At $429, the price tag also sets the seat apart. Most child safety seats, often sold through mass retailers, cost $70 to $250. Wallen said big-box retailers demand that prices stay low, preventing technological advances.

"We realize right now, this will be a niche market," Wallen said. "We're looking to launch it in specialty stores by Christmas."

IMMI's posi-latch system allows the SafeGuard seat to be installed by pushing a single button. The harness retracts like the seat belt of a car and is easily adjustable with a single knob. The seat also features one-touch head rest and shoulder-height and belt-placement adjustment.

The ease of installment should not be downplayed, said Jim Hall, former chairman of the National Transportation Safety Board, who long ago began urging the industry to address misuse issues. Research from the National Highway Traffic Safety Administration found that 85 percent of child safety seats are improperly installed, compromising their effectiveness.

"Safety seat misuse is a leading factor in what should be preventable injuries and deaths to children, the most vulnerable vehicle passengers," Hall said. "The Safe-Guard approach holds so much promise. I hope its advanced technologies, materials and design will revolutionize the way the child seat industry develops next-generation safety seats."

The seat-designed for children 22-65 pounds-is built on an energy-absorbing aluminum frame, not molded plastic, which can transfer a crash jolt to the child occupant, Wallen said. The Smart Core foam between the child and the frame provides another layer of energy-absorbing protection designed to reduce everyday road vibration and trauma during crashes. The head rest, Wallen said, is molded to provide better side-impact protection.

IMMI's Westfield facilities are worldrenowned for their crash-test capabilities, with three crash sleds and other instruments capable of measuring side, front and rear impact, among other things.

The SafeGuard seat was about two years in research and development.

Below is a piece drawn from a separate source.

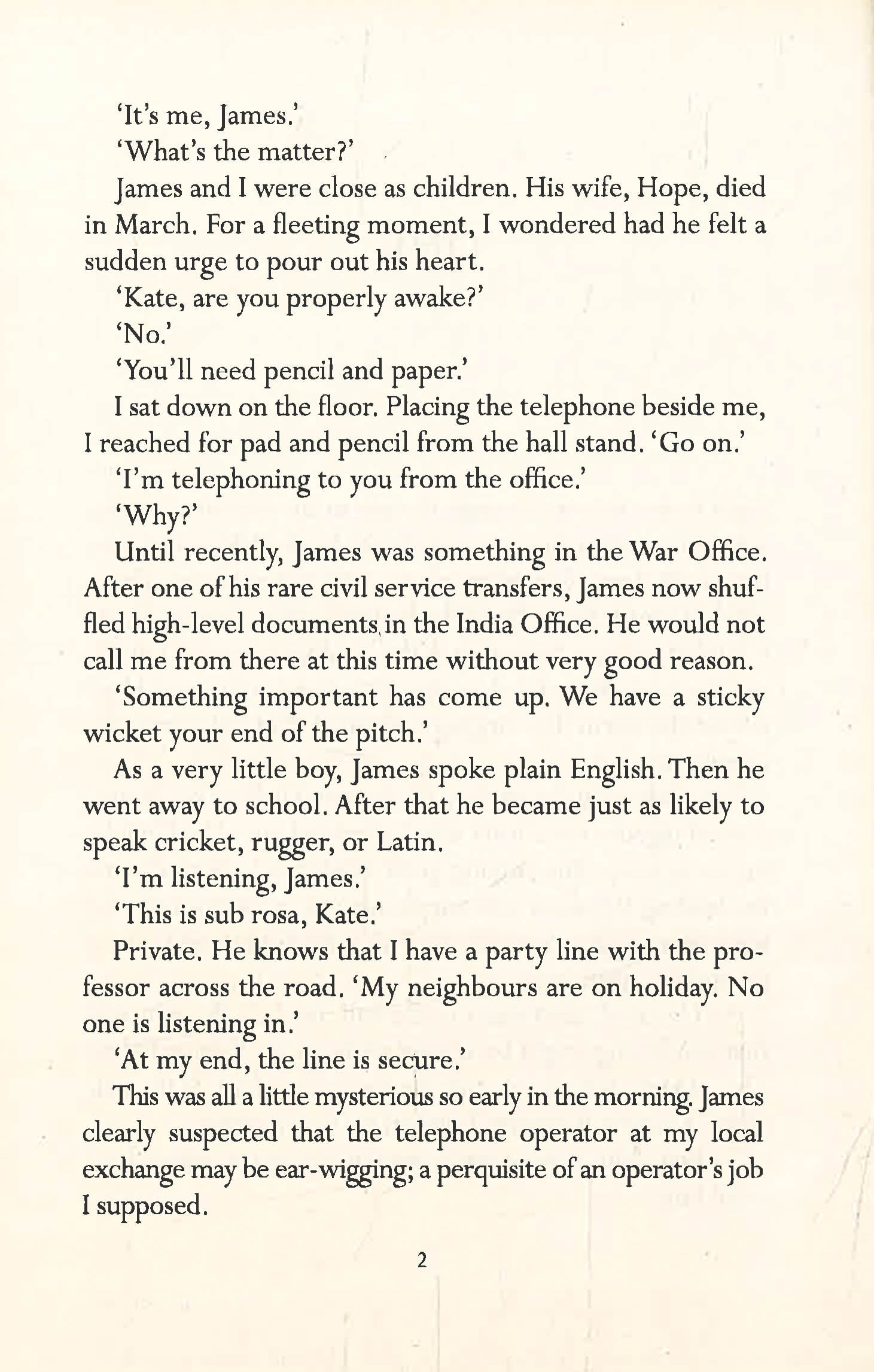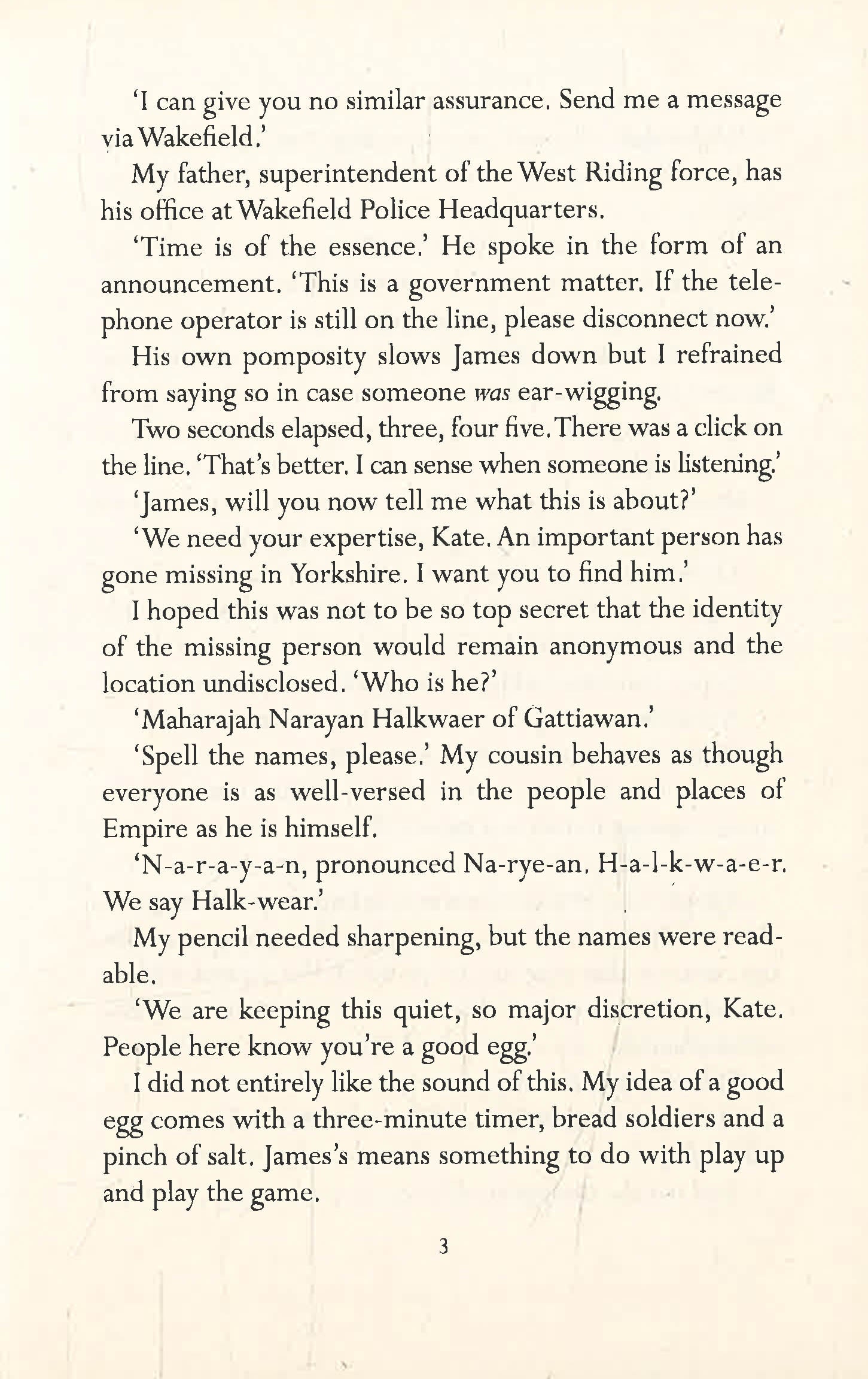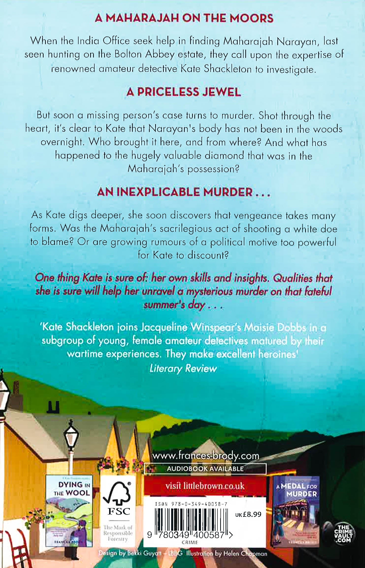 When amateur sleuth detective Kate Shackleton receives a dawn telephone call from her cousin James, his news soon snaps Kate into wakefulness. The India Office seek her on-the-spot help in finding a Maharajah, last seen on the Bolton Abbey estate. He has with him a hugely valuable diamond.Investigative successes and good family connections put Kate in the highly trusted category.

IMMI officials started preliminary designs four years ago.

During computer designing, IMMI was able to "virtually" test the product through digital designs and crash-test simulation.

"We used applied mechanics to do model crashing," Wallen said. "It allowed us to improve the product before we ever built one."

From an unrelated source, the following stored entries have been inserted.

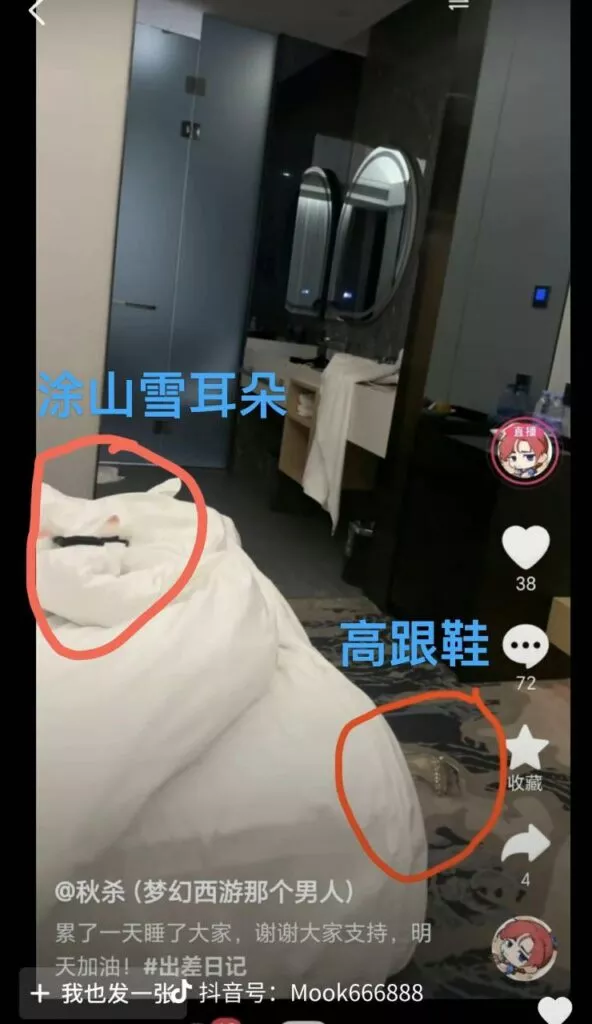 4月21日抖音微博b站百万粉丝coser小娜比,被曝陪睡梦幻西游土豪秋杀。她的个人服装和鞋子出现在土豪秋杀的酒店客房中。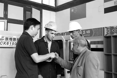 ③ 數(shù)控專業(yè)教師在埃及開(kāi)羅高級(jí)維修技術(shù)學(xué)校魯班工坊指導(dǎo)學(xué)生進(jìn)行零部件數(shù)控加工。學(xué)校供圖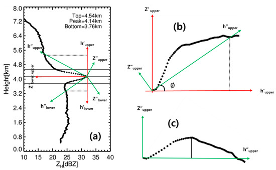 The procedures for BB detection using the QVPs of the ZH, ZDR, and new ρHV were divided into the following two steps: (1) detection of the peak of the BB (BBPEAK) and (2) detection of the top and bottom of the BB (BBTOP and BBBOTTOM) using the coordinate rotation method. BBPEAK was identified by calculating the first derivative of polarimetric observations. The first derivative was calculated from the difference in the polarimetric observations at a height of 60 m above and below a given height. BBPEAK was obtained from the maximum polarimetric observations (ZH, ZDR, and new ρHV) within a height of 400 m above and below the height at which the first gradient was at maximum. The ZH, ZDR, and new ρHV at BBPEAK should be greater than 0.0 dBZ, 0.0 dB, and 2 (=0.98), respectively. In this study, we briefly describe the coordinate rotation method. Figure 2 shows a diagram of the procedures for detecting BBTOP and BBBOTTOM from the QVP of the ZH. First, the QVP was separated by the upper and lower parts of BBPEAK relative to the line connecting BBPEAK and Z′lower, upper. The original coordinate was rotated 90° in the clockwise (counterclockwise) direction to obtain the new coordinate with h′upper−Z′ upper (h′lower−Z′lower). Then, the height of 1200 m (800 m) above (below) BBPEAK was selected to set the rotation angle . The coordinate was again rotated degrees in the clockwise (counterclockwise) direction, and h″upper (h″lower) and Z″ upper (Z″lower) are the x-axis and y-axis in the final coordinate. The maximum value in the final coordinate was defined as BBTOP (BBBOTTOM).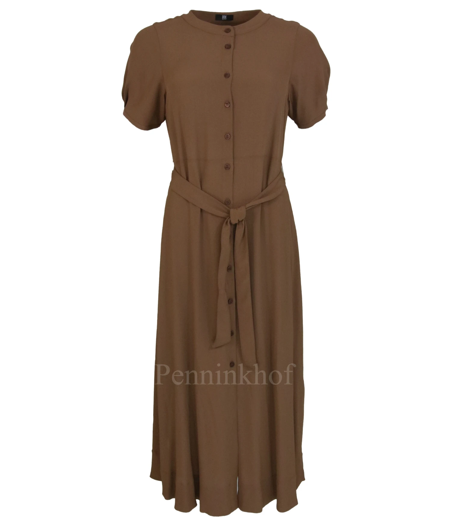 Een doorknoop jurk van Riani in de kleur bruin. De jurk heeft korte mouwen en in de taille is een ceintuur. Bij het uiteinde van de mouwen zijn aan de bovenkant enkele plooien. Aan de onderkant zijn aan beide zijden diepe splitten. Deze jurk mag op 30 graden worden gewassen.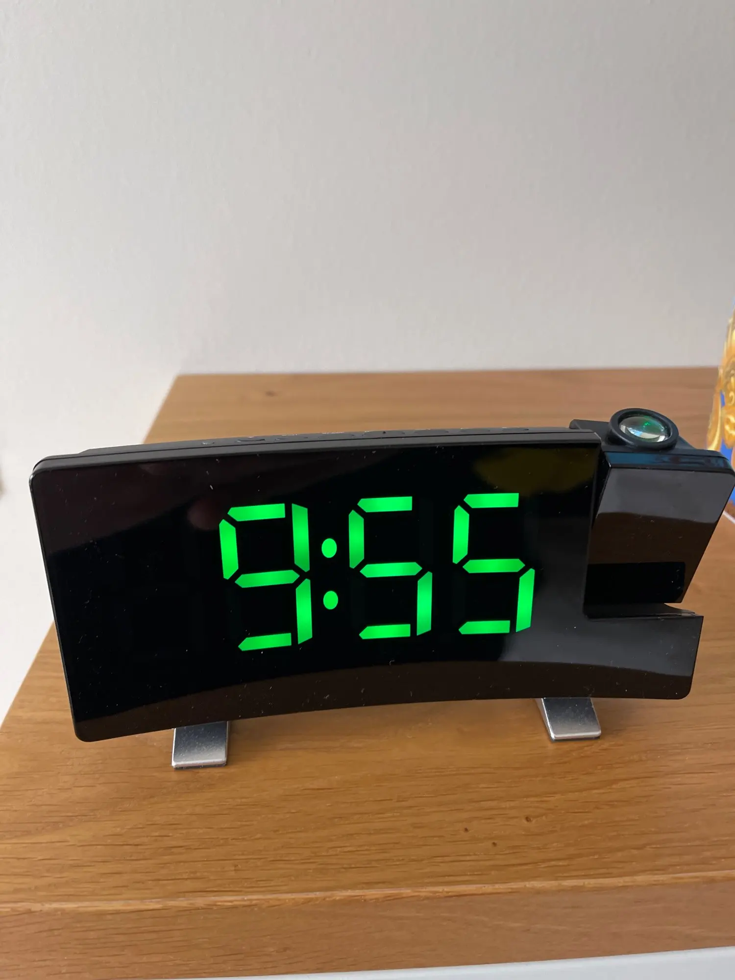 Коробка хоть и помята, но все цело и работает. 1. Проекция слабенькая, причем с приличной засветкой. Фокус не регулируется, изображение расплывчатое. Два уровня яркости + переворот на 180гр. Собственно ради зеленой проекции и брал... 2. Цифры на часах яркие, крупные. Отлично работает автоматическая регулировка яркости. 3. Будильники и радио не проверял, не пользуюсь.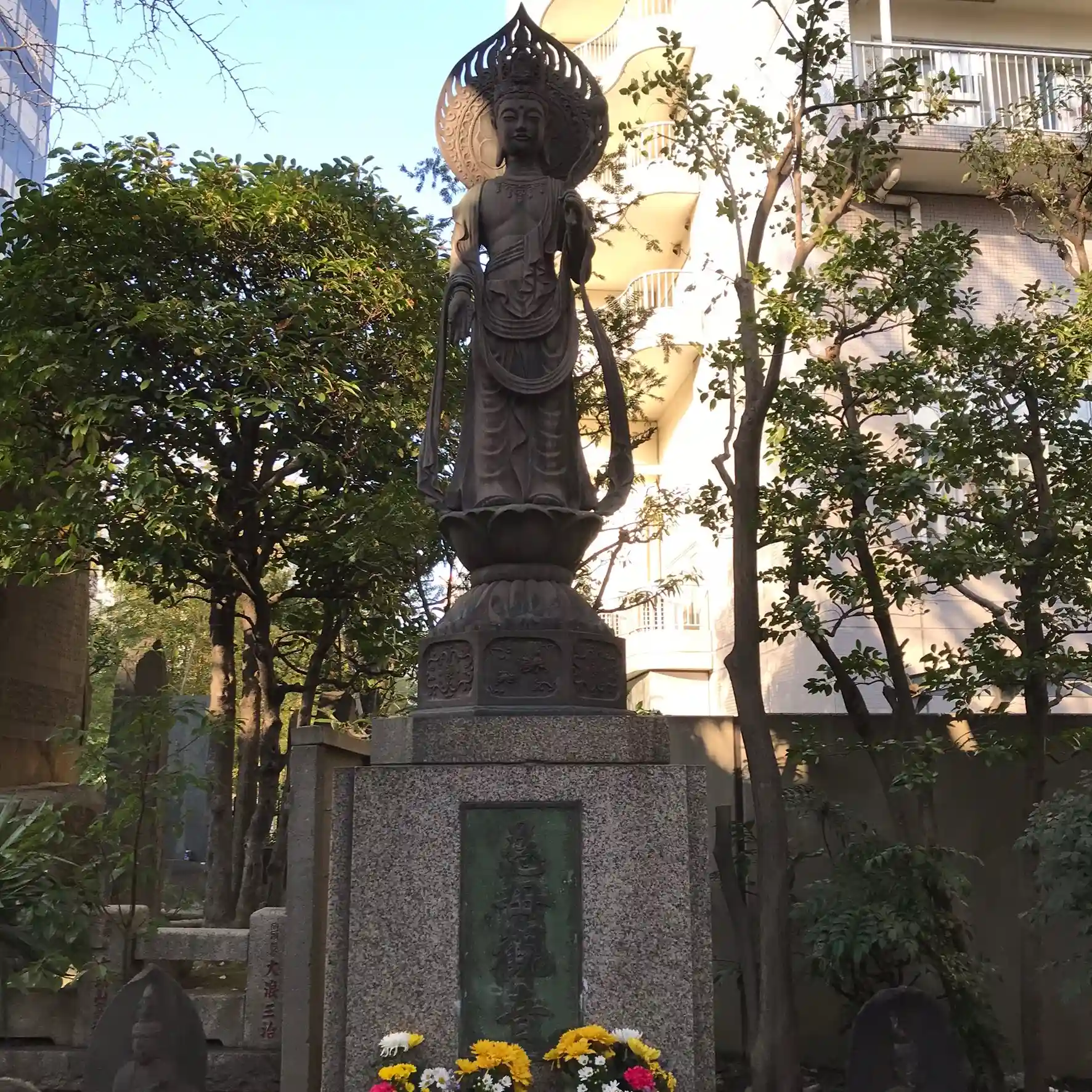 自転車で約4km 回向院へ。

Wallen calls the SafeGuard seat IMMI's most ambitious stand-alone project in company history.

"This is just a superior product in many regards," said Susan Ferguson, senior vice president in charge of research for the Insurance Institute for Highway Safety, an Arlington, Va.-based industry research group. "The R&D that went into this product is what really sets it apart. Many manufacturers in this category simply aren't capable of this type of research and development."

IMMI has the capacity to make up to 150,000 SafeGuard seats annually. And if demand dictates, IMMI officials are ready to expand the SafeGuard division.

"Because it's so much easier to install and it has a seven-year warranty, we think it could take the place of two child safety seats," Wallen said. "When you look at it that way, it's not that much more expensive. Besides, what is the safety of your child worth?"

IMMI officials are hopeful industry manufacturing leaders will be impressed by the seat's new features, purchase the components from IMMI's SafeGuard division, and install them in their seats. Larger manufacturers could even drive down the cost somewhat through mass production, Wallen said. Industry figures show 6 million child car seats are sold annually.

"Our vision as a company is to bring safety to the top of mind," Wallen said. "If that means we sell a lot of child seats to people, that's fine. If that means we sell a lot of components to other child-seat makers, that's fine, too. We're not looking to corner the market with this technology or even take a lot of market share.

"Our No. 1 goal is to change people's minds about child seats, and to get these features into the hands of as many parents as possible."